Вот, например, мамин Леша. Видно, что любит маму, и она, кажется, любит тоже. Так почему же они не вместе? Даже католики и те разрешили разводы. Что ли спросить? Нельзя, потому что жестоко. А как иначе узнаешь? Однажды Леша пришел раньше мамы, и Лена поила его чаем и развлекала светской беседой. А внутри все кричало: «Зачем ты устроил себе такую сумбурную, суматошную жизнь? Зачем врешь, изворачиваешься, мотаешься из конца в конец Москвы? Ведь не мальчик уже, не юноша, седина в волосах. И до каких пор…» Но конечно, она ничего не сказала и ни о чем таком не спросила…
— Леночка, пора обедать, — вошла в ее комнату мама.
— Не хочется, — прошептала Лена.
— Хотя бы чаю, — уговаривала мать. — Леша принес лимоны. Когда высокая температура, нужно побольше пить. А смотри, какой торт! И дольки — апельсиновые, лимонные.
— Ну давай. Чай и дольки.
— А торт?
— Даже думать противно: сразу тошнит. Мама принесла чай, на блюдце — апельсиновые и лимонные дольки и тихо вышла.
Лена, с внезапно проснувшейся жаждой, тремя глотками опустошила чашку. На дольки взглянула, но к ним не притронулась.
Так… На чем мы остановились? Все на той же любви. Вот, скажем, Димка. Смуглое лицо, черные глаза, смелый взгляд и улыбка тут же всплыли из горячечного тумана.

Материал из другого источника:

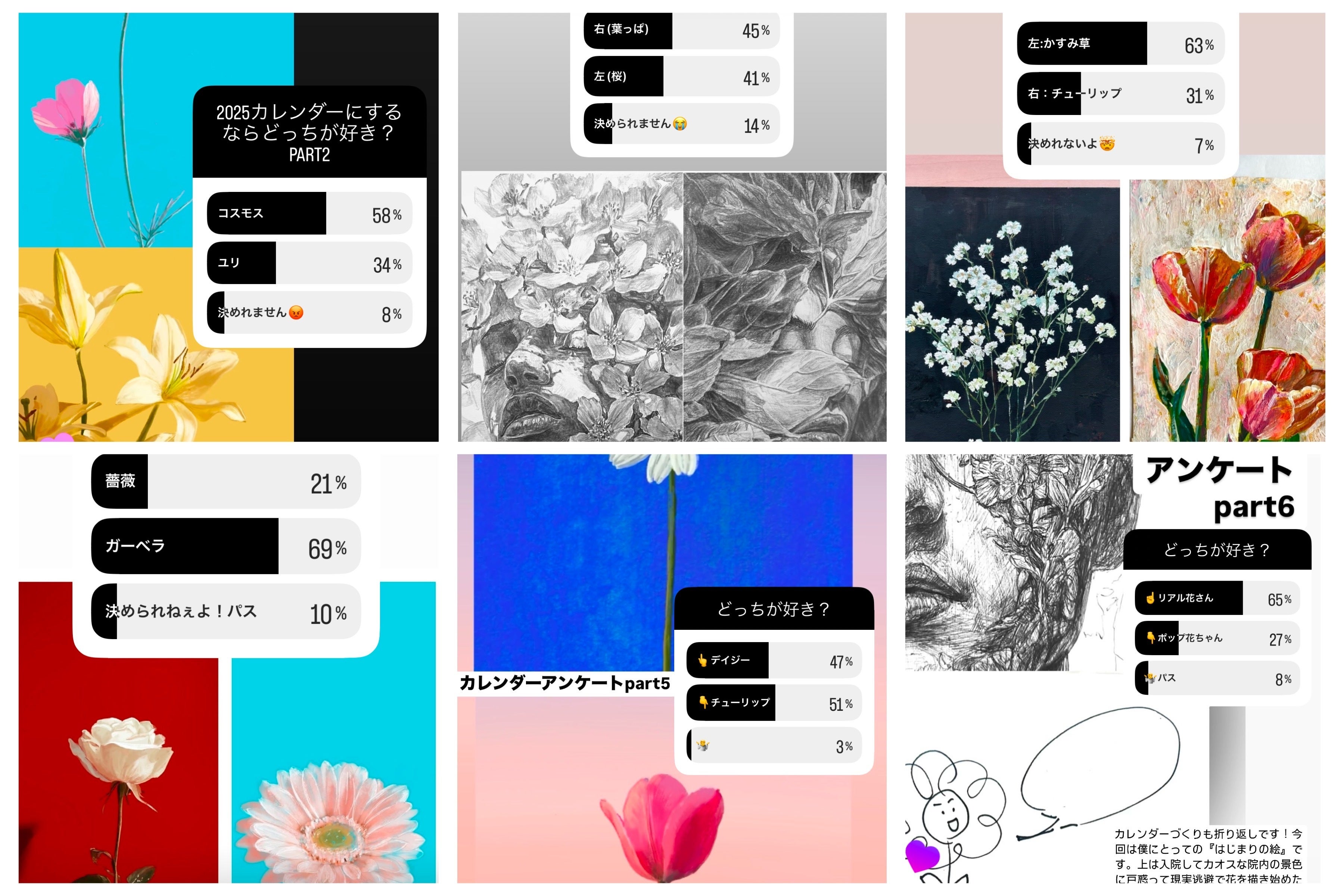 それまで描いた花の絵の中から、のべ5000人以上に採用する絵を決めていただきながら、年末にカレンダーを販売。SNSでの投票結果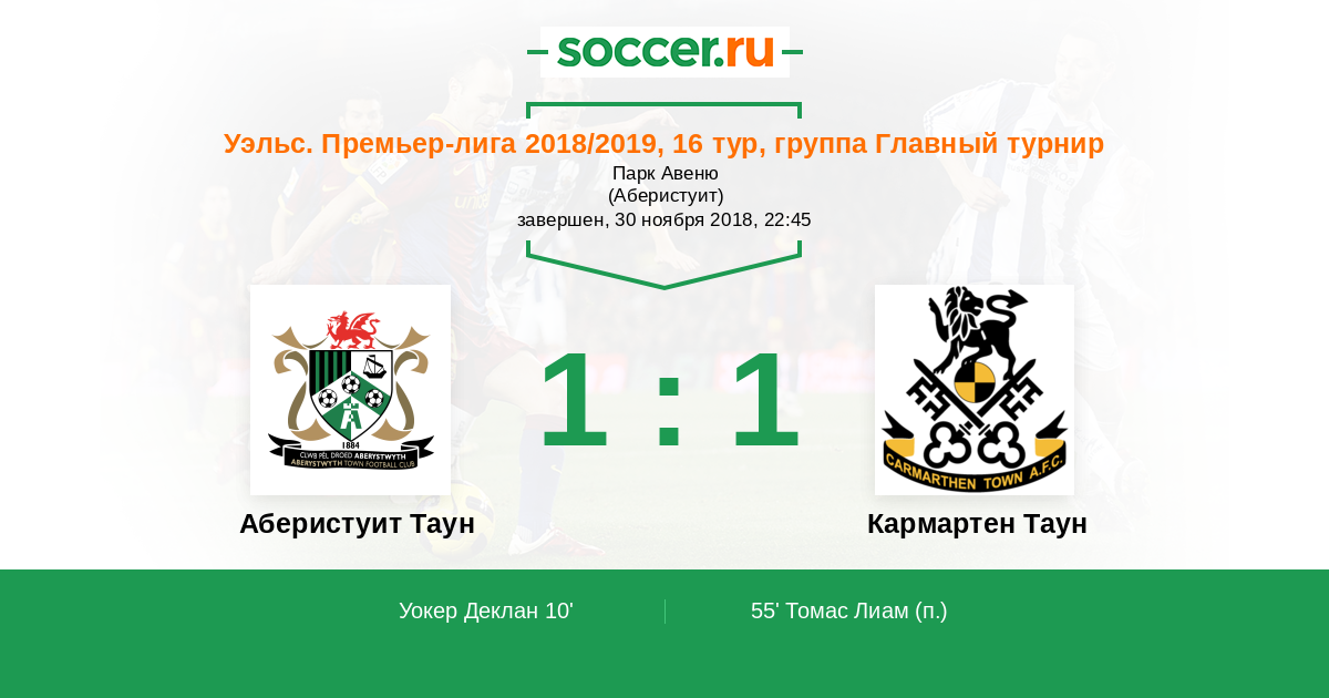 Протокол матча Аберистуит Таун против Кармартен Таун

С ним интересно всегда, и когда он целует — приятно. Его звонки, всякие байки о школе, его стихи — не очень умелые, но какие-то очень живые, и как он о ней беспокоится — встречает у колледжа, провожает домой… С ним можно говорить обо всем на свете, ему можно рассказать все до донышка, и это чувство, что она не одна, что их двое… Все так ново и неожиданно, так согревает сердце, но разве это любовь?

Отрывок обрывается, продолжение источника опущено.